Enoch Oteng

Personal information
- Date of birth: 8 July 1988 (age 38)
- Place of birth: Brussels, Belgium
- Height: 1.69 m (5 ft 7 in)
- Position: Defensive midfielder

Team information
- Current team: Cappellen FC
- Number: 6

Youth career
- 1998–2006: VAV Beerschot

Senior career*
- Years: Team / Apps / (Gls)
- 2006–2007: Germinal Beerschot / 18 / (2)
- 2007–2008: Verbroedering Geel / 3 / (0)
- 2009: Larissa / 0 / (0)
- 2009–2010: VC Herentals / 15 / (1)
- 2010–2011: VV Axel
- 2011–2014: K. Merksem SC
- 2014–2015: K. Lyra / 8 / (0)
- 2015–: Cappellen FC / 26 / (0)

= Enoch Oteng =

Belgian footballer

Enoch Oteng (born 8 July 1988 in Brussels) is a Belgian footballer, who currently plays for Cappellen FC. He is of Ghanaian descent.

== Career ==
Oteng began his career 1998 with VAV Beerschot. After merger named: Germinal Beerschot. He served Germinal Beerschot in the Jupiler League for one year and joined Verbroedering Geel in July 2007. He was released by his club in January 2009 and joined to Greek side AE Larissa.
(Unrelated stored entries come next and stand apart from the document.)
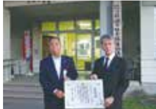
結城災害救援ボランティア連絡会様

令和5年10月26日ザ・ヒロサワ・シティ会館におい て開催されました。結城市から下記の皆様が茨城県知 事表彰並びに茨城県社会福祉協議会会長表彰を受けま した。おめでとうございます。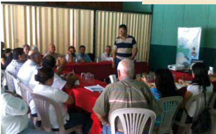
Talleres sobre la implementación del Plan Nacional de GIRH en Costa Rica. 06/2011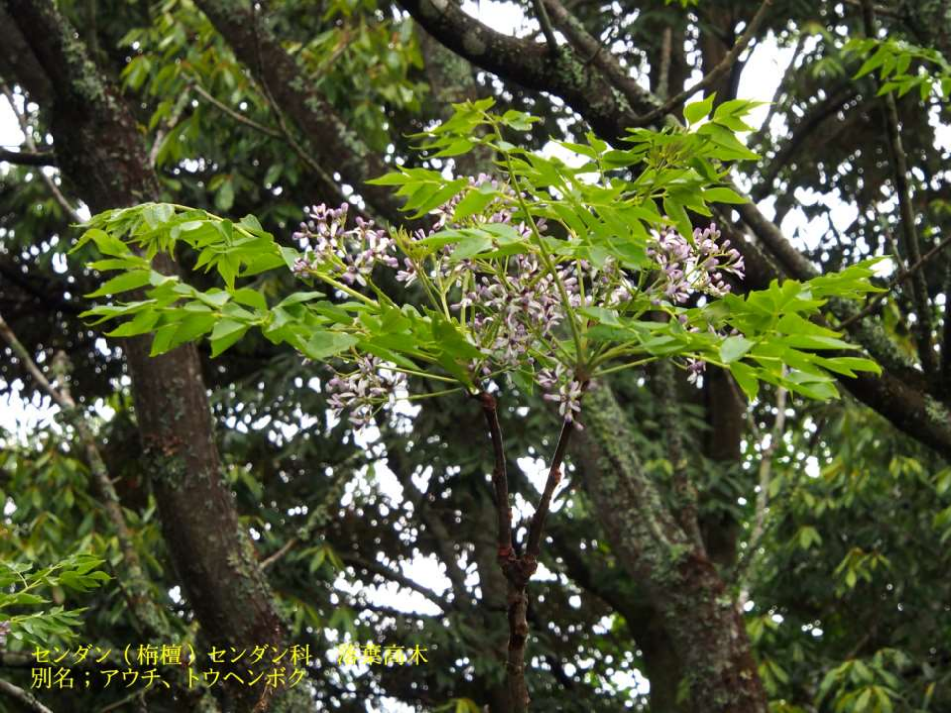
センダン（梅檀）センダン科 落葉高木 別名；アウチ、トウヘンボク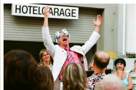
„Keine Türe bleibt mit mir verschlossen!“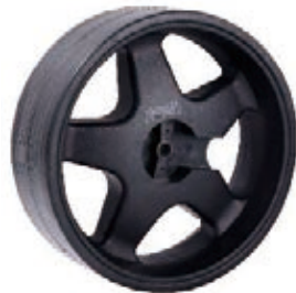
NAME:12" 高尔夫轮 ITEM NO:XH1201 SIZE:286*88 配套:6"10"12" 备注:反面无刹车齿,可配快拆及轮盖 客户专用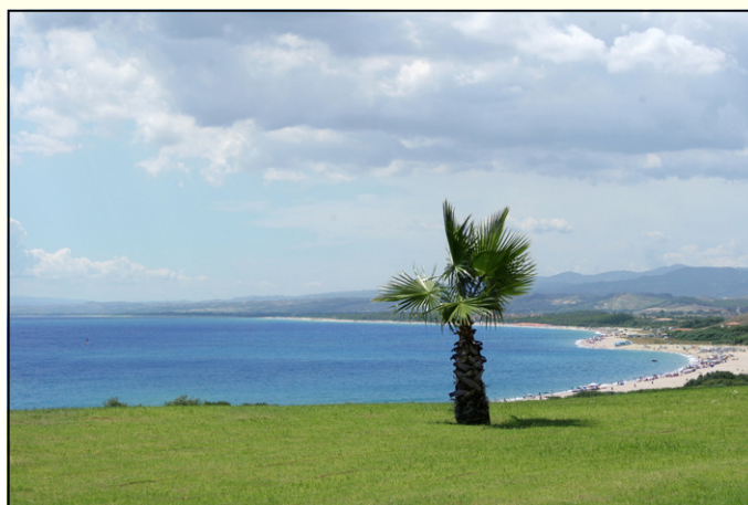
Steccato di Cutro - loc. Praialonga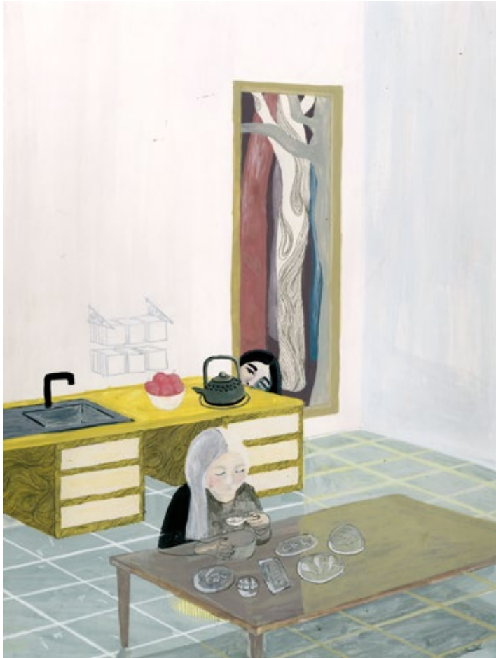
Traces of the self, 2014.

After he plays with V.C. Herentals the season 2009–2010. At the end he quit there and go plays for fun in an Antwerp pubteam. He joined than in summer 2010 to Dutch side VV Axel., before in Juni 2011 returned to Belgium and signed for K. Merksem SC.

== Personal life ==
Oteng is of Ghanaian descent and his parents are Belgian immigrants from Accra.